◆ DATASET CONTENT
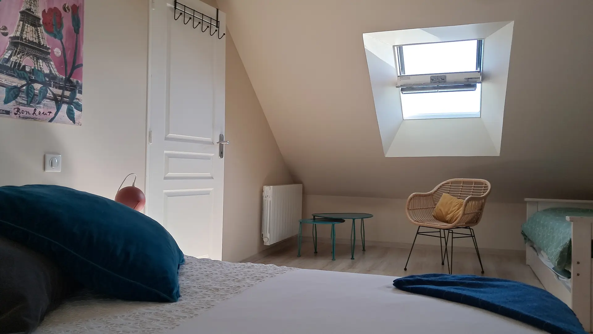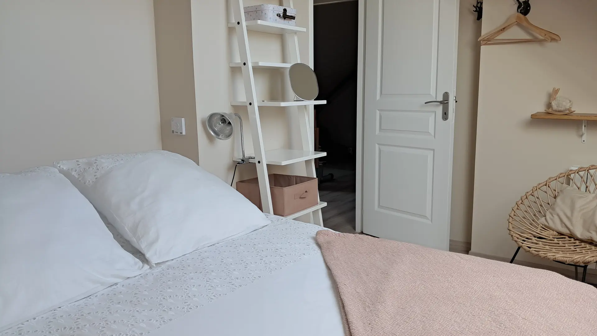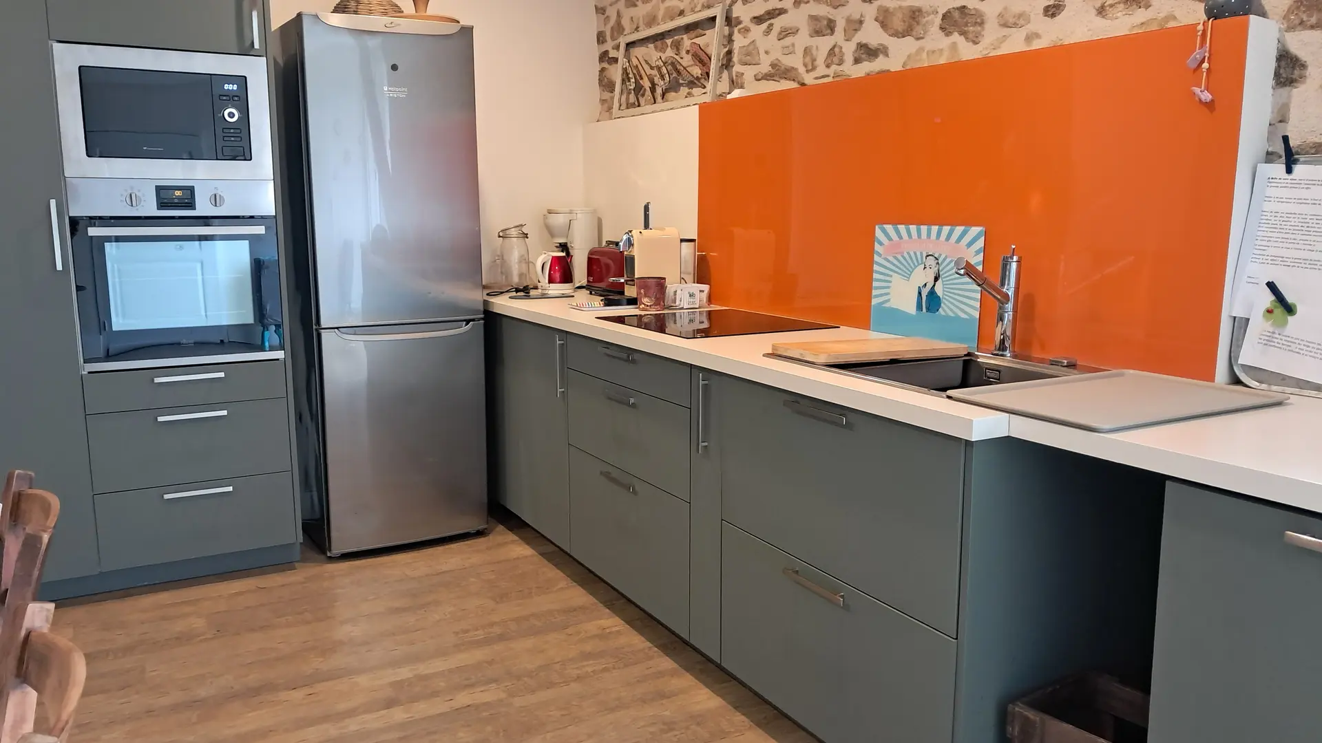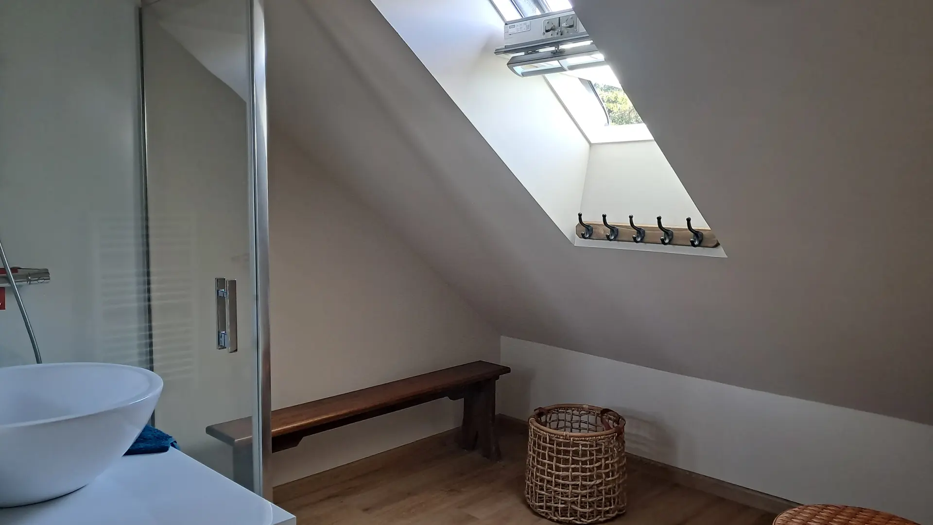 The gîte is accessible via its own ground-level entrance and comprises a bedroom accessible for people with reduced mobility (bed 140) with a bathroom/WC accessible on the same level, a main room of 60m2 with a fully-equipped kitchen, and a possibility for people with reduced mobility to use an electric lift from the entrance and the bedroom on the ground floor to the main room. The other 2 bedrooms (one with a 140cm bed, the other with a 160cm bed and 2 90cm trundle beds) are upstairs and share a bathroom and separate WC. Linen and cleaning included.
* * *
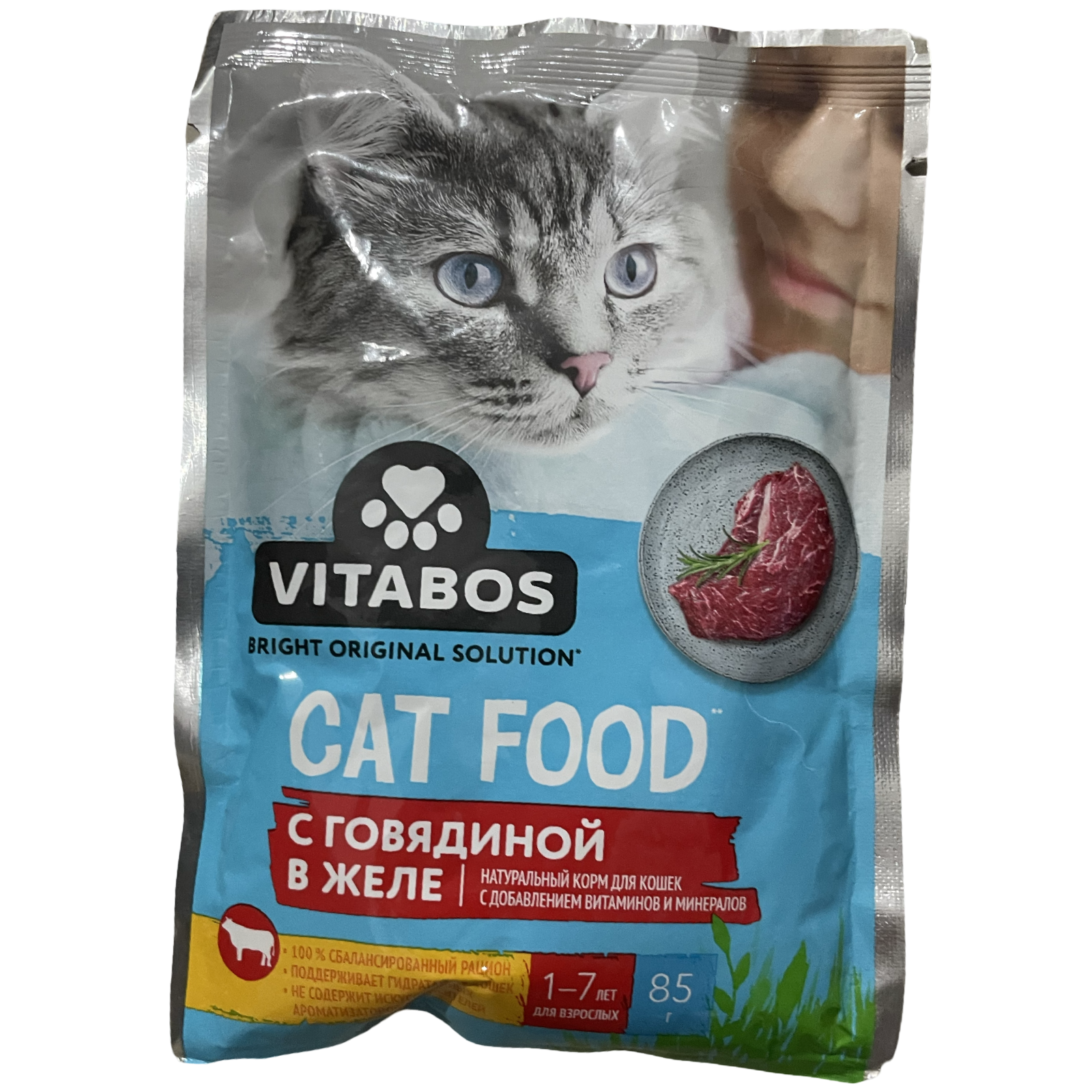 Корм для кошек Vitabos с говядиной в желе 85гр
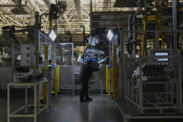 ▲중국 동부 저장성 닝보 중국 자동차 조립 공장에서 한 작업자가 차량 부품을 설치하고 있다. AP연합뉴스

◆ TRY IT
In the entries above, find the line containing "Корм для кошек" and the line containing "설치하고 있다. AP연합뉴스", then copy both and every line between them exactly, without any picture.

◆ ANSWER SPACE
 Корм для кошек Vitabos с говядиной в желе 85гр
 ▲중국 동부 저장성 닝보 중국 자동차 조립 공장에서 한 작업자가 차량 부품을 설치하고 있다. AP연합뉴스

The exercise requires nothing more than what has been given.